A lovestruck romeo sings a streets serenade
Laying everybody low with a lovesong that he made
Finds a convenient streetlight steps out of the shade
Says something like you and me babe how about it ?

Juliet says hey it’s romeo you nearly gimme a heart attack
He’s underneath the window she’s singing hey la my boyfriend’s back
You shouldn’t come around here singing up at people like that
Anyway what you gonna do about it ?

Juliet the dice were loaded from the start
And I bet and you exploded in my heart
And I forget the movie song
When you wanna realise it was just that the time was wrong juliet ?

Come up on differents streets they both were streets of shame
Both dirty both mean yes and the dream was just the same
And I dreamed your dream for you and your dream is real
How can you look at me as if I was just another one of your deals ?

Where you can fall for chains of silver you can fall for chains of gold
You can fall for pretty strangers and the promises they hold
You promised me everything you promised me think and thin
Now you just says oh romeo yeah you know I used to have a scene with him

Juliet when we made love you used to cry
You said I love you like the stars above I’ll love you till I die
There’s a place for us you know the movie song
When you gonna realise it was just that the time was wrong juliet ?

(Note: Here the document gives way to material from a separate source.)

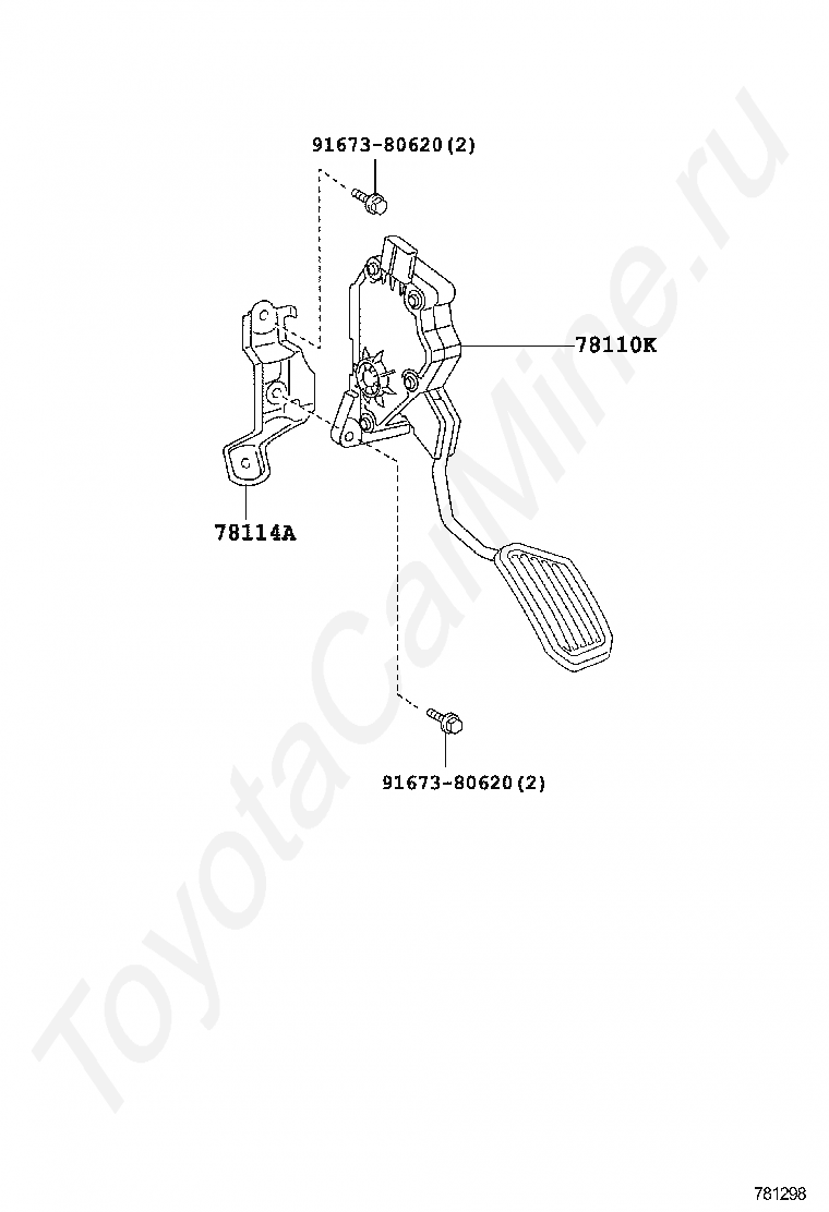 Педаль газа TOYOTA RACTIS, 2014/05 - 2016/07, 1,5 литра, 16 клапанов DOHC, EFI, GRAMS, NCP120, вариатор

I can’t do the talk like they talk on tv
And I can’t do a love song like the way it’s meant to be
I can’t do everything but I’d do anything for you
I can’t do anything except be in love with you

And all I do is miss you and the way we used to be
All I do is keep the beat and bad company
All I do is kiss you through the bars of a rhyme
Julie I’d do the stars with you any time

Juliet when we made love you used to cry
You said I love you like the stars above I’ll love you till I die
There’s a place for us you know the movie song
When you gonna realise it was just that the time was wrong juliet ?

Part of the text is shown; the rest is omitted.